Discover New Brunswick at 200 mph

This afternoon I traversed the province of New Brunswick via the Trans Canada Highway. It's been twenty years since I drove out here, and some noteworthy improvements have been made. Firstly, the entire route is now four lanes. Secondly, the east and west roadways have such a generous buffer between them, often you can't even see the oncoming traffic. Makes for a more relaxing drive. Finally, police presence is much lighter than it used to be. Must have been defunded. Thank you BLM! As a bonus, there is very little traffic. I was able to cruise from border to border at 140 kph plus, and at times found the Rav tooling along quite comfortably at over 160. New Brunswick is the ideal place to visit if you want to explore the true capabilities of that 200 mph supercar you've been thinking about spending the kids' inheritance on. Not only have New Brunswick taxpayers provided a track worthy of a modern day Mille Miglia, the scenery is second to none, lodgings are plentiful and reasonably priced, and if you weary of local sea-food, all the usual US chains are well represented. Highly recommended!

Friday, June 3, 2022

60 years at Harnischfeger and all he got was a gold watch

Back in the day, I did some time at Lackie Brothers, the Kitchener-based mill-wrighting and heavy-haul contractor that enjoyed its heyday when southern Ontario had a booming industrial economy. Then NAFTA came in, and it wasn’t long before they went tits up. But that’s another story. Our crew was dispatched to a mini-mill under construction out in Courtice, on the other side of Toronto. Steel mini-mills were a coming attraction at the time; they would allegedly produce steel at a lower cost than the big guys like Stelco and Dofasco. Our assignment was to install the overhead crane that serviced the main bay of the mill. The crane itself came from Harnischfeger in Milwaukee. That was one of the big names in American industrial equipment at the time. But then NAFTA came in, and it wasn’t long before they went tits up. Who needs industrial equipment in a country de-industrializing? But that’s another story. So Milwaukee sent this old dude to supervise the install. He wasn’t the kind of project supervisor who sat in an air-conditioned trailer all day. No sir, this was a hands-on guy! In fact, he told us he’d been with Harnischfeger for 60 years! He’d recently come back to work after a quadruple by-pass, and apologized profusely for having to “go easy.” Not sure what he meant by that. He was up and down the ladders and clambering across the structural beams like everybody else. When we’re swinging various parts into place he’s hanging onto a rope like everybody else. When we’re sitting in the middle of the bridge part of the bridge-and-trolley crane having a smoke break, he’s flicking his cigarette ashes to the shop floor, forty feet below, like everybody else.

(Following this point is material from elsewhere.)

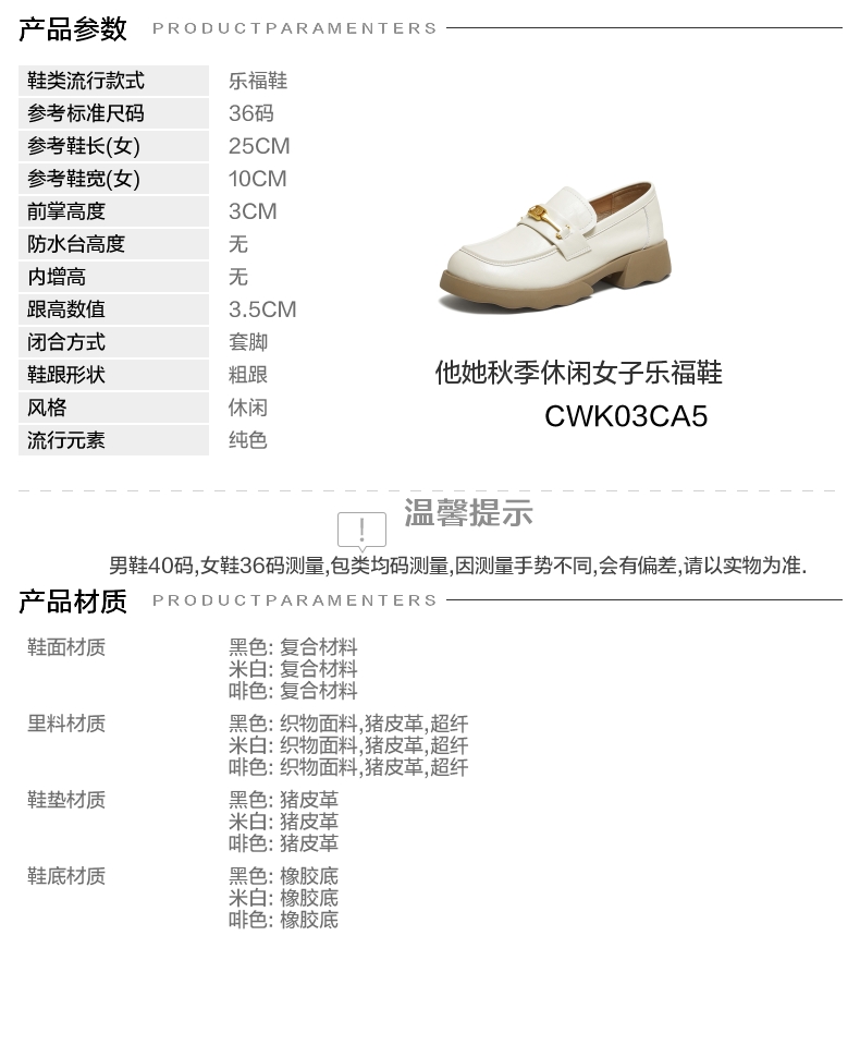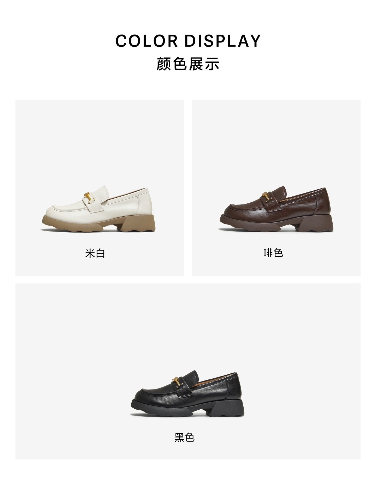 | 配跟:有 | 上市时间:2025年秋季 | 鞋类流行款式:乐福鞋 | 鞋头款式:圆头 | 鞋面图案:纯色 |

I find myself remembering this guy more, now that I’m retired. Obviously, he could have been retired, but he chose to keep working. If you like what you do and you’re good at it, why stop when you’re 65?

Wednesday, June 1, 2022

Canada still recognizes Juan Guaido as President of Venezuela

Remember him? Uncle Sam didn't have any use for Maduro, on account of his independent attitude, so the Americans decided they'd recognize Random Guy-doh as president instead. A few of the usuall suck-ups bought in, with Canada taking the lead role. Hence Chrystia Freeland's glorious tenure as leader of the "Lima Group." That concept never really caught fire, although for a brief period of time, the same "free world" that now joins American sanctions on Russia, were willing to give it a chance. Alas, the 27 nations of the EU soon enough realized which way the wind was blowing, and have long since given up pretending Guaido is anything other than a US puppet. Eventually they'll come to the same conclusion about the hero-du-jour, the Ukrainian comedian Zelensky. Unfortunately, given the American determination to drag this war out as long as possible, many more Ukrainians will die for nothing before the craven US acolytes in the "free world" get a firm sense of the current wind direction.